# [Input records]
________________________________________

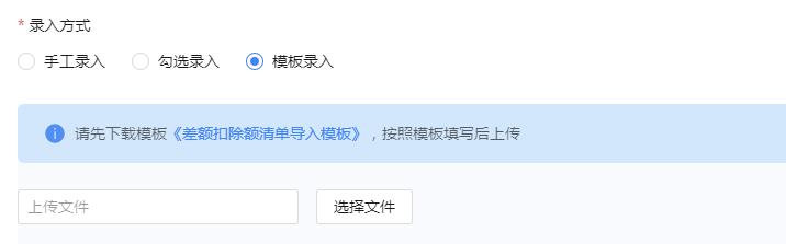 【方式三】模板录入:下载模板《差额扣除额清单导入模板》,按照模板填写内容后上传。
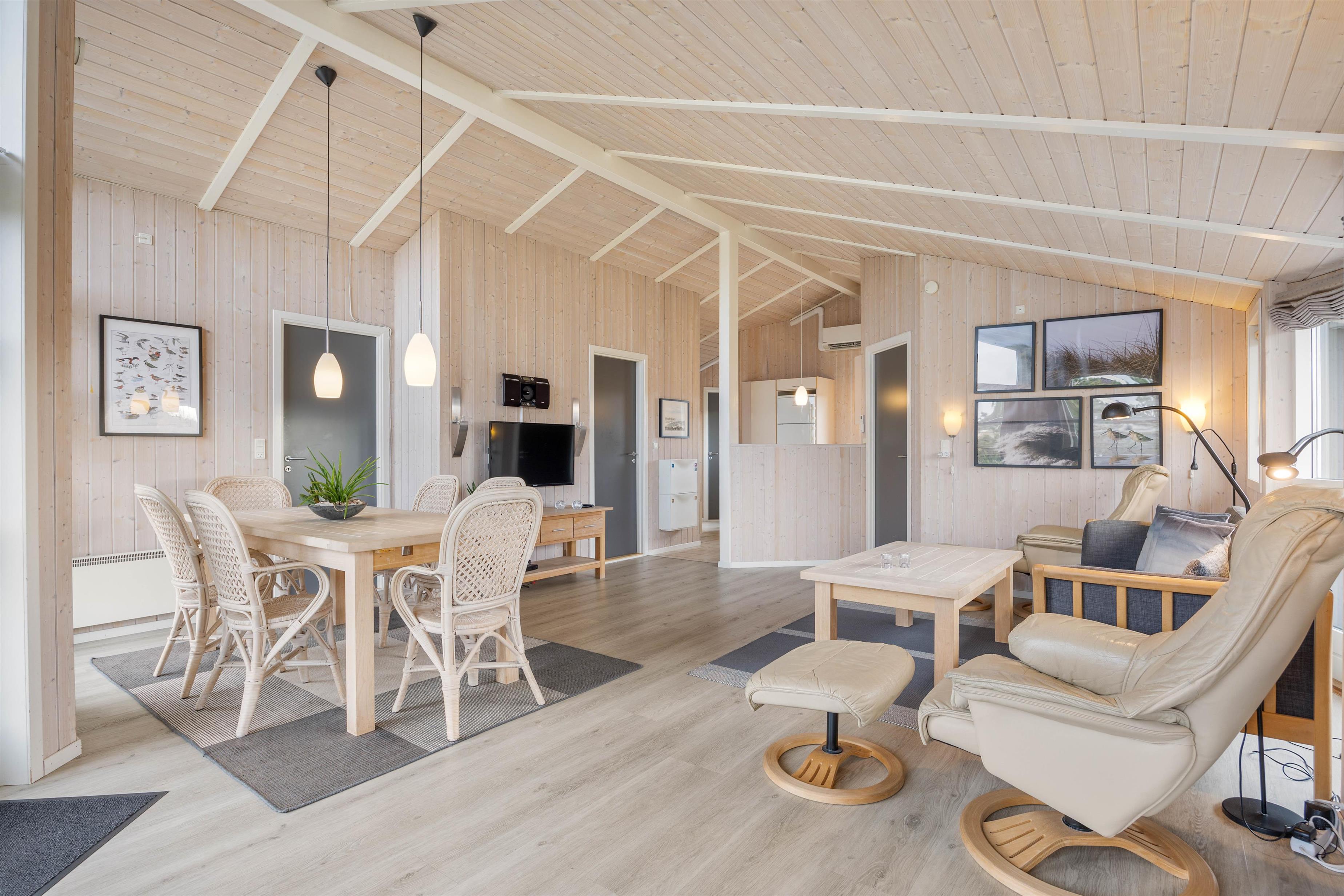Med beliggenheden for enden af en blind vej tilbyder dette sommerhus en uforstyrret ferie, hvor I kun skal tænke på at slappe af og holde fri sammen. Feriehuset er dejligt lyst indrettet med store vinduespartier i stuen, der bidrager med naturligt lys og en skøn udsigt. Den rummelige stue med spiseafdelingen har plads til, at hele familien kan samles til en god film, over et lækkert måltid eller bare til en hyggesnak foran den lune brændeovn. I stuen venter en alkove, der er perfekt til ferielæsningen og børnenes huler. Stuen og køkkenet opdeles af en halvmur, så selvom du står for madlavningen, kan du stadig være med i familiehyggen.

________________________________________

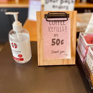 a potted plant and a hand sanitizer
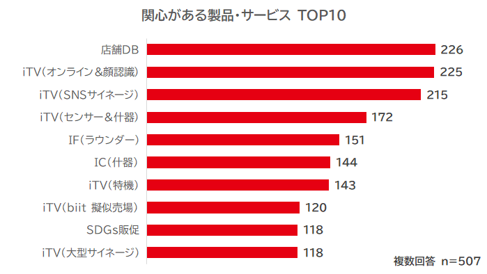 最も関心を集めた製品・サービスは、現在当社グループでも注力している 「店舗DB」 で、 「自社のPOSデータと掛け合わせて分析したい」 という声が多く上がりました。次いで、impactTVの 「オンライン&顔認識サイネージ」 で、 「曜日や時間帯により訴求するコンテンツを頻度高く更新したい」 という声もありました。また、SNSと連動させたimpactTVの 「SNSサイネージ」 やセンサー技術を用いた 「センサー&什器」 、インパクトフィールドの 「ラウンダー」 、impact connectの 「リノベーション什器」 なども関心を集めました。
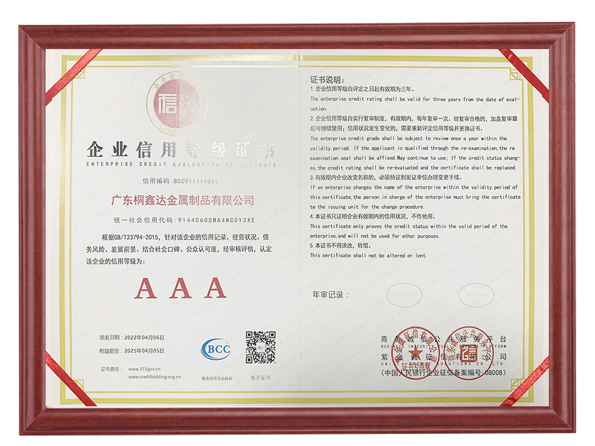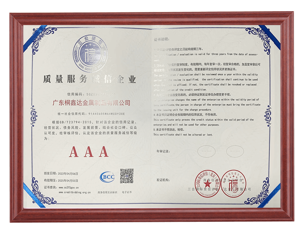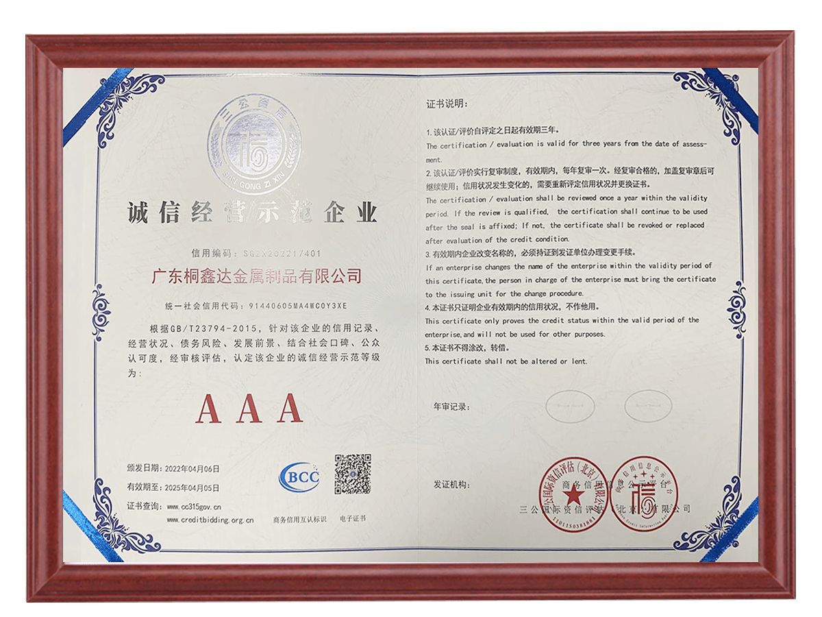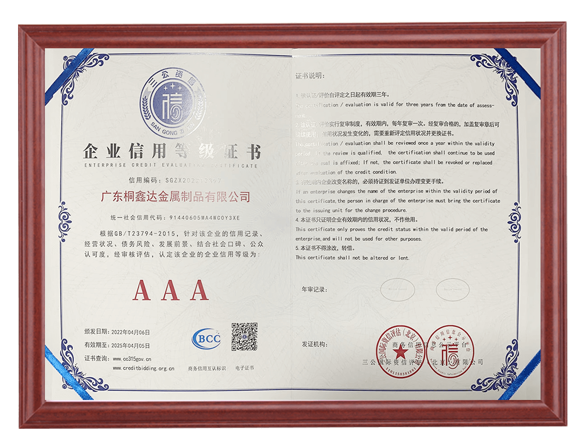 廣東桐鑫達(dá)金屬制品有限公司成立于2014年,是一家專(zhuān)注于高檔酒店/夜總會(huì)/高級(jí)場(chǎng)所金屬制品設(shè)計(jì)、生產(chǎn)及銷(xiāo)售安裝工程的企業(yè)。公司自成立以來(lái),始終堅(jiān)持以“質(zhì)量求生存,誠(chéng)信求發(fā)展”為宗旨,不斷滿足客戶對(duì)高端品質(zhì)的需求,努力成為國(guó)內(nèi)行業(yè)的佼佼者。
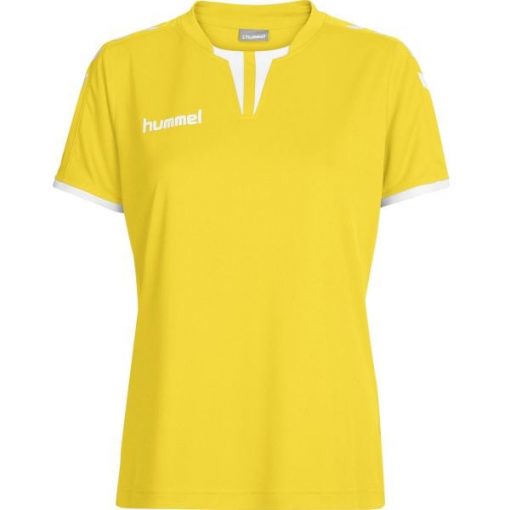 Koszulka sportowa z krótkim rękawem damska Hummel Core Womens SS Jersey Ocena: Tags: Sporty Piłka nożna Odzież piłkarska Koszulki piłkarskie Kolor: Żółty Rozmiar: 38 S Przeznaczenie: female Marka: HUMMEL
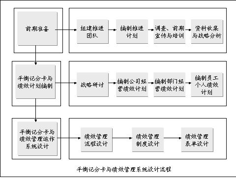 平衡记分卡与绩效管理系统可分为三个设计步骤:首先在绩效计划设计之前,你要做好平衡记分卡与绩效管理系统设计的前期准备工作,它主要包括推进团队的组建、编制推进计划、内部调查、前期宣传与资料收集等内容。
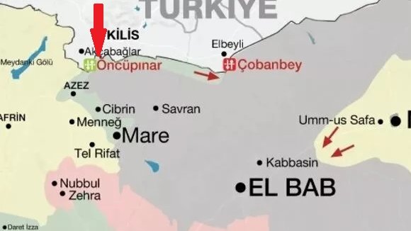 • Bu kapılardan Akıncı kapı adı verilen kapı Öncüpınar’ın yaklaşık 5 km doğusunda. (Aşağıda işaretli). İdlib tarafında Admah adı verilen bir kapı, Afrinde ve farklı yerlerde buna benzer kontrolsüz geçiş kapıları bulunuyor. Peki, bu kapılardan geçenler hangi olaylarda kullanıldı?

________________________________________

# [The task]
All lines above from the one containing "最も関心を集めた製品・サービスは、現在当社グループでも注力している 「店舗DB」 で、" up to and including the one containing "hangi olaylarda kullanıldı?" are to be set down exactly, and nothing else. Leave images out.

# [Task output]
 最も関心を集めた製品・サービスは、現在当社グループでも注力している 「店舗DB」 で、 「自社のPOSデータと掛け合わせて分析したい」 という声が多く上がりました。次いで、impactTVの 「オンライン&顔認識サイネージ」 で、 「曜日や時間帯により訴求するコンテンツを頻度高く更新したい」 という声もありました。また、SNSと連動させたimpactTVの 「SNSサイネージ」 やセンサー技術を用いた 「センサー&什器」 、インパクトフィールドの 「ラウンダー」 、impact connectの 「リノベーション什器」 なども関心を集めました。
 廣東桐鑫達(dá)金屬制品有限公司成立于2014年,是一家專(zhuān)注于高檔酒店/夜總會(huì)/高級(jí)場(chǎng)所金屬制品設(shè)計(jì)、生產(chǎn)及銷(xiāo)售安裝工程的企業(yè)。公司自成立以來(lái),始終堅(jiān)持以“質(zhì)量求生存,誠(chéng)信求發(fā)展”為宗旨,不斷滿足客戶對(duì)高端品質(zhì)的需求,努力成為國(guó)內(nèi)行業(yè)的佼佼者。
 Koszulka sportowa z krótkim rękawem damska Hummel Core Womens SS Jersey Ocena: Tags: Sporty Piłka nożna Odzież piłkarska Koszulki piłkarskie Kolor: Żółty Rozmiar: 38 S Przeznaczenie: female Marka: HUMMEL
 平衡记分卡与绩效管理系统可分为三个设计步骤:首先在绩效计划设计之前,你要做好平衡记分卡与绩效管理系统设计的前期准备工作,它主要包括推进团队的组建、编制推进计划、内部调查、前期宣传与资料收集等内容。
 • Bu kapılardan Akıncı kapı adı verilen kapı Öncüpınar’ın yaklaşık 5 km doğusunda. (Aşağıda işaretli). İdlib tarafında Admah adı verilen bir kapı, Afrinde ve farklı yerlerde buna benzer kontrolsüz geçiş kapıları bulunuyor. Peki, bu kapılardan geçenler hangi olaylarda kullanıldı?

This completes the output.